I wasn't aware of rhashtable; I'll take a look.
> > +
> > + tx_memory = refcount_read(&hsk->sock.sk_wmem_alloc);
> > + if (tx_memory != 1) {
> > + pr_err("%s found sk_wmem_alloc %llu bytes, port %d\n",
> > + __func__, tx_memory, hsk->port);
> > + }
>
> Just:
> WARN_ON_ONCE(refcount_read(&sk->sk_wmem_alloc) != 1);
Done (but this is a bit unsatisfying because it generates less useful
information in the log).
> > +/**
> > + * homa_sock_destroy() - Destructor for homa_sock objects. This function
> > + * only cleans up the parts of the object that are owned by Homa.

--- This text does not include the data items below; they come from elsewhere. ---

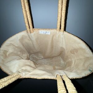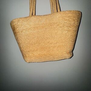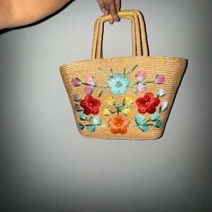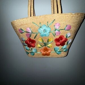 This stylish straw tote bag features vibrant floral embroidery, perfect for adding a pop of color to any outfit. The tan base is beautifully complemented by red, blue, and orange floral designs. Ideal for casual outings or beach days.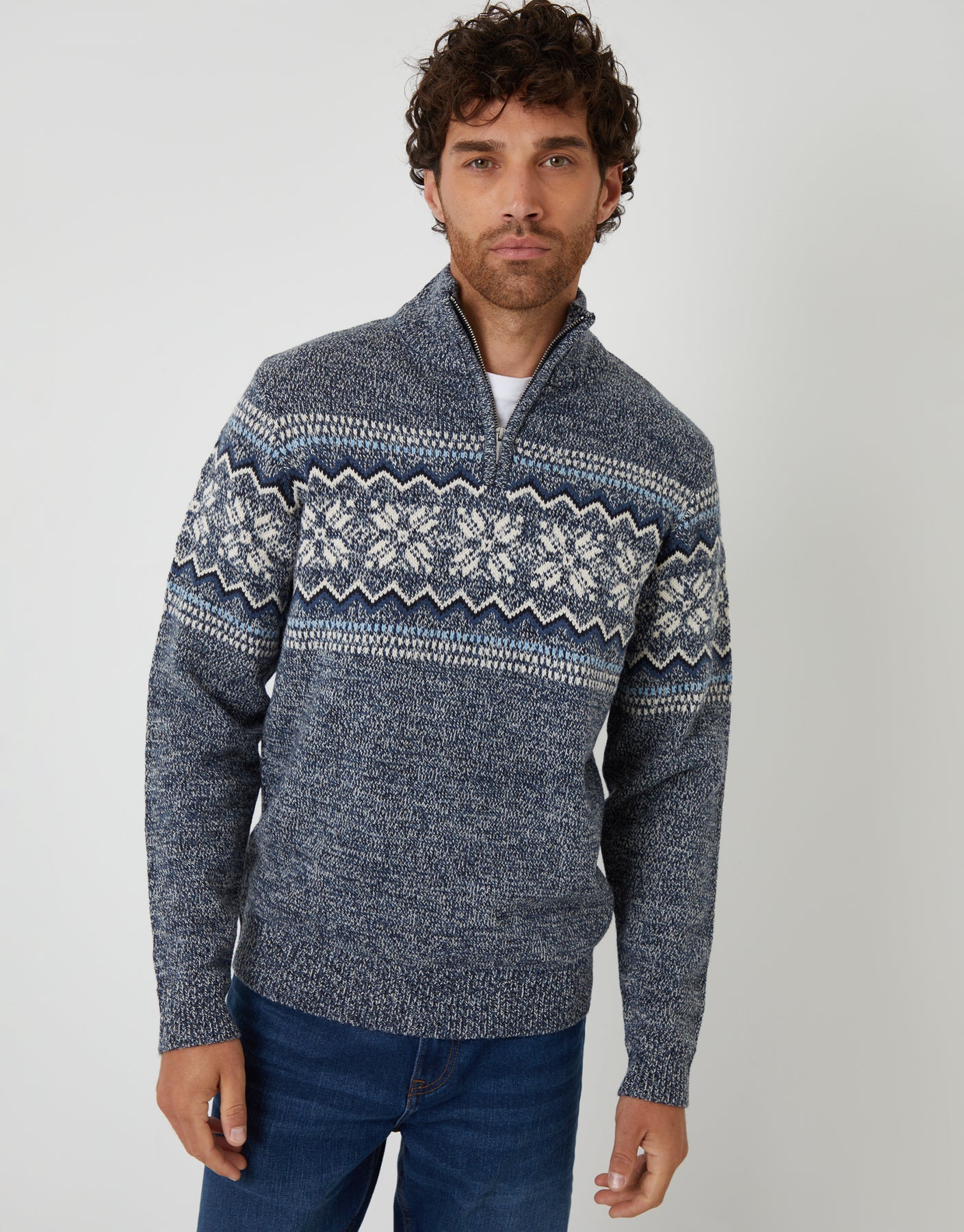 Upgrade your knitwear with this winter fairisle quarter zip jumper from Threadbare.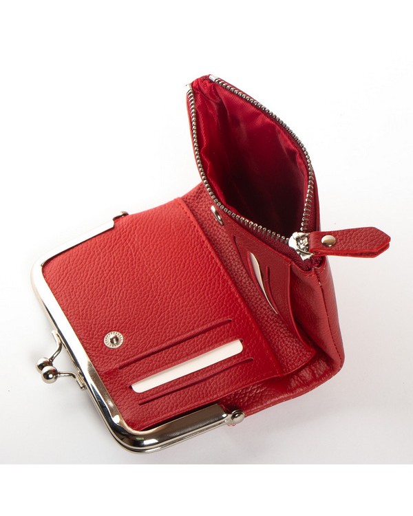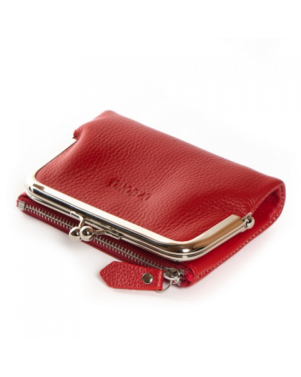 Шкіряний жіночий гаманець Dr.Bond WN-23-13 червоний. Складається вдвічі та закривається на кнопку. Всередині одне відкрите відділення для банкнот, 6 кишень для візитних карток та 2 великі кишені. Ззовні гаманця є дві монетниці, одна на клямці, а інша закривається на блискавку. Розмір(см) 12,5*9*3,0. Поставляється у коробці.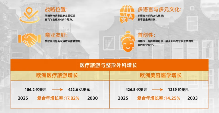 阿姆斯特丹美容医学与外科大会暨展览会是AMSC继香港与马来西亚站新推出的欧洲地区美容医学与外科大会。AMSC是连接外科美容与非手术美容复杂领域的关键桥梁。会议将汇聚多元专业知识与视角,共同提升患者护理质量、精进诊疗技术,并探索重新定义行业未来的突破性技术。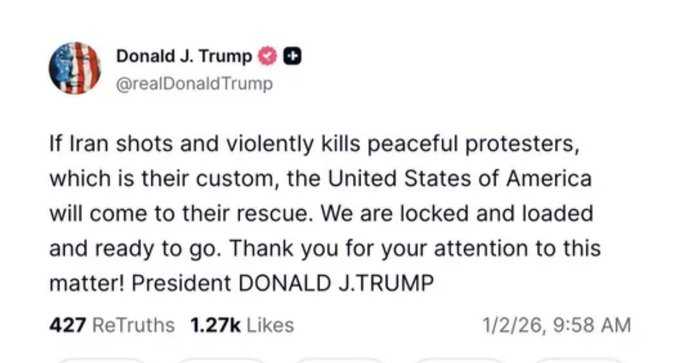 Now, don’t get me wrong, I think this strike has to happen from a moral perspective. And it is Trump’s doing that it is so. If he had not encouraged the protesters in such a visible way, we wouldn’t be on the verge of dropping tons of ordnance on Iran, killing thousands potentially.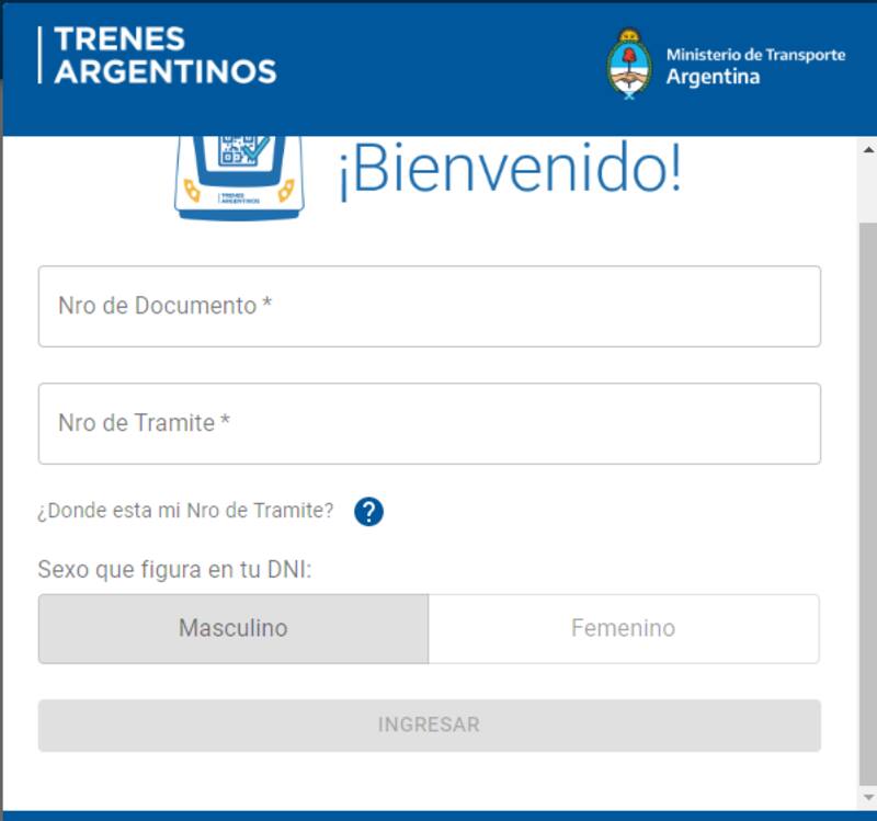Una vez que elijas uno de los tres medios que mencionamos arriba para reservar tu tren, el sistema pedirá que al usuario ingresar sexo, número de DNI y el número de trámite que figura al frente.

> > + * @hsk: Socket to destroy.
> > + */
> > +void homa_sock_destroy(struct homa_sock *hsk)
> > +{
> > + homa_sock_shutdown(hsk);
> > + sock_set_flag(&hsk->inet.sk, SOCK_RCU_FREE);
>
> Why the flag is set only now and not at creation time?
No reason that I can think of; I've now moved it to creation time.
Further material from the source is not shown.